**Problem:** Work through the listing below and give again exactly the lines from the one with "Kristine Arth: Lobster" to the one with "Transforme seus ambientes", both ends included. All other lines and all pictures stay out.

┌─ Information given

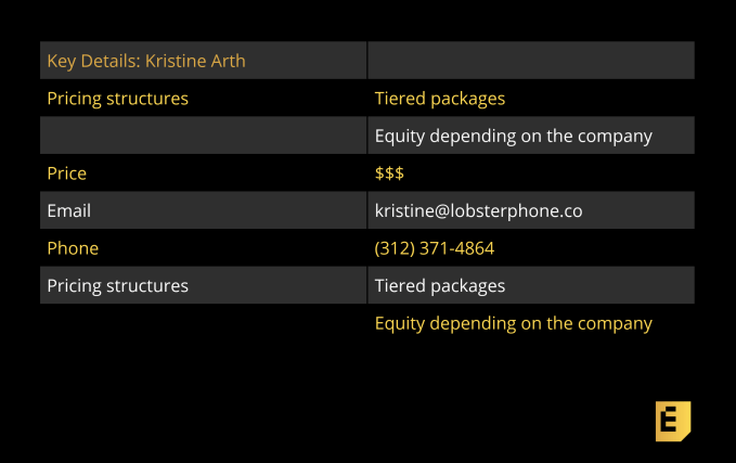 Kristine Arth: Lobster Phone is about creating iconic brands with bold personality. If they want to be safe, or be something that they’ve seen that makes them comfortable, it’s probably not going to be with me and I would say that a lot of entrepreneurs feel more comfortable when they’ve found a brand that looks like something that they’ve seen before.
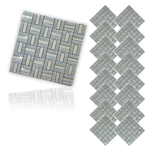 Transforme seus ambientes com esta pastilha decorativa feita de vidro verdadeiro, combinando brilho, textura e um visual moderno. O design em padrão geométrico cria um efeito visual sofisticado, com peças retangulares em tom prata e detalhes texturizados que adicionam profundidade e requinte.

└─
┌─ Information given

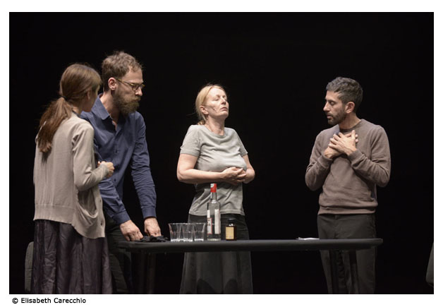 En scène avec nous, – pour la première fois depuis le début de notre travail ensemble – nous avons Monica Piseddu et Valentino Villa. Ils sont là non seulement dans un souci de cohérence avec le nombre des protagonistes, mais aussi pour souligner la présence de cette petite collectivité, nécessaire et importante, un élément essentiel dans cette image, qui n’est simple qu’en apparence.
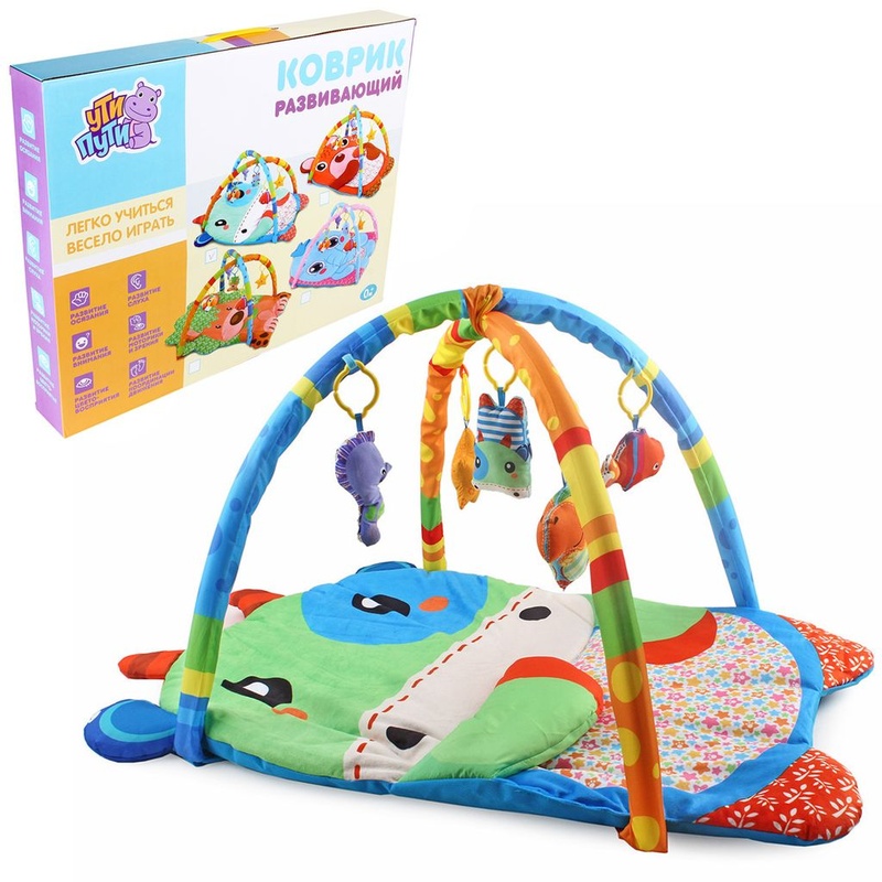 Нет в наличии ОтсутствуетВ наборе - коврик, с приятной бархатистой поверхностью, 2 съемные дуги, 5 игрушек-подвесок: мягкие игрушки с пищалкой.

└─

**Answer space:**
 Kristine Arth: Lobster Phone is about creating iconic brands with bold personality. If they want to be safe, or be something that they’ve seen that makes them comfortable, it’s probably not going to be with me and I would say that a lot of entrepreneurs feel more comfortable when they’ve found a brand that looks like something that they’ve seen before.
 Transforme seus ambientes com esta pastilha decorativa feita de vidro verdadeiro, combinando brilho, textura e um visual moderno. O design em padrão geométrico cria um efeito visual sofisticado, com peças retangulares em tom prata e detalhes texturizados que adicionam profundidade e requinte.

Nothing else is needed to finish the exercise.